Регистрируйтесь, чтобы читать цифровую версию журнала, а также быстро и удобно оформить подписку на Rīgas Laiks (русское издание).
Не удалось соединить аккаунты. Попробуйте еще раз!
У Витаутаса Ландсбергиса великое множество почитателей в Литве и во всем мире, однако устроители опросов подсчитали, что еще больше тех, кто терпеть его не может. Чаще всего Ландсбергиса упрекают в грехе высокомерия. «Спроси, почему он такой надутый индюк?» – напутствовал Арниса один вильнюсский друг, когда тот собрался в Литву. «Не забудь в начале разговора подчеркнуть, что он самый умный в мире», – в свое время в такой же ситуации советовал некий доброжелатель мне.
Первого главу восстановленного государства литовского чаще всего называли «папой» и «профессором». Первое прозвище отражает тягу общества видеть в нем заботливого опекуна, второе – безусловный интеллектуальный авторитет. В беседе с Витаутасом Ландсбергисом легко ощутить себя умственно ущербным и автоматически наделить собеседника врожденной аррогантностью. Быстрая реакция шахматиста и острая наблюдательность, усугубленная сарказмом, лишь усиливают такое впечатление.

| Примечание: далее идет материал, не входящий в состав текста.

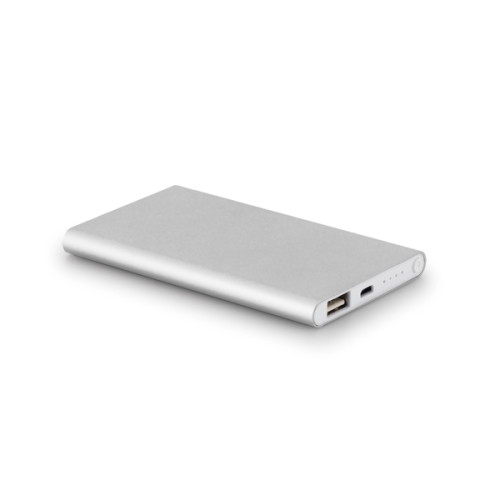Bateria portátil slim. Alumínio. Bateria de lítio. Capacidade: 4.400 mAh. Tempo de vida ≥ 500 ciclos. Com entrada/saída 5V/1A. Incluso cabo USB/micro USB para carregar a bateria. 110 x 68 x 10 mm

Герольд независимости действительно не чужд тому, чтобы разбрасывать направо и налево весьма образные уничижительные эпитеты. Некоторые журналисты не могут простить ему ситуации, в которой ощутили свою принадлежность к упомянутой им «собачьей своре», а оппоненты – к «клубку червей и змей». Мыслитель, страстно орудующий пером, создал тысячи текстов, включая, например, опус о том, как улучшить отношения с дерьмом. Вот цитата, отражающая позицию автора: «Дерьмо есть факт, поэтому ошибкою было бы избегать этих отношений – обходить стороной, не трогать и не нюхать. Называть дерьмо лишь иносказательно. Считается, что от этого всего дерьмо становится лишь дерьмовее».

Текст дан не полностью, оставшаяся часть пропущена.